* **What is needed**: In your copy of the data, keep every word exact and include no pictures.

* **Stored data**:
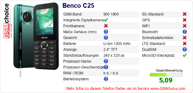 Hast du eigene Webseite? Willst du die Informationen über Standarddaten des Handys Benco C25 irgendwo veröffentlichen? Das ist sehr einfach. Du kannst das Bild herunterladen oder kopieren und auf der Webseite folgenden Code hinzufügen:Das Einfügen von diesem Code verursacht das Anzeigen von dem folgenden Bild:
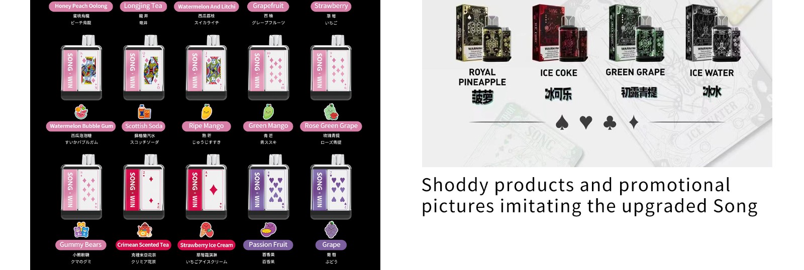 In addition, there are many fake and shoddy products on the market, direct plagiarism, no bottom line, bad behavior. SONG in this solemn statement: songvape.com/songvapestore.com exclusive official website for the SONG, in the design of website didn't appear are counterfeit products!
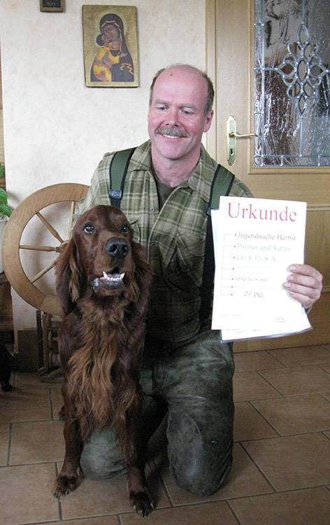 An dieser Stelle noch einmal ein herzliches Dankeschön an Sie, lieber Herr Wicker, für Ihre Geduld und die vielen Ratschläge, die ich zum Thema Irish Setter Zucht von Ihnen erhalten habe. Sie waren mit Ihrer Überzeugungskraft und Ihrem Feingefühl auch für die kleineren Probleme im Alltag unschlagbar und ich werde Ihnen ewig dankbar dafür sein.

* **Answer section**:
 Hast du eigene Webseite? Willst du die Informationen über Standarddaten des Handys Benco C25 irgendwo veröffentlichen? Das ist sehr einfach. Du kannst das Bild herunterladen oder kopieren und auf der Webseite folgenden Code hinzufügen:Das Einfügen von diesem Code verursacht das Anzeigen von dem folgenden Bild:
 In addition, there are many fake and shoddy products on the market, direct plagiarism, no bottom line, bad behavior. SONG in this solemn statement: songvape.com/songvapestore.com exclusive official website for the SONG, in the design of website didn't appear are counterfeit products!
 An dieser Stelle noch einmal ein herzliches Dankeschön an Sie, lieber Herr Wicker, für Ihre Geduld und die vielen Ratschläge, die ich zum Thema Irish Setter Zucht von Ihnen erhalten habe. Sie waren mit Ihrer Überzeugungskraft und Ihrem Feingefühl auch für die kleineren Probleme im Alltag unschlagbar und ich werde Ihnen ewig dankbar dafür sein.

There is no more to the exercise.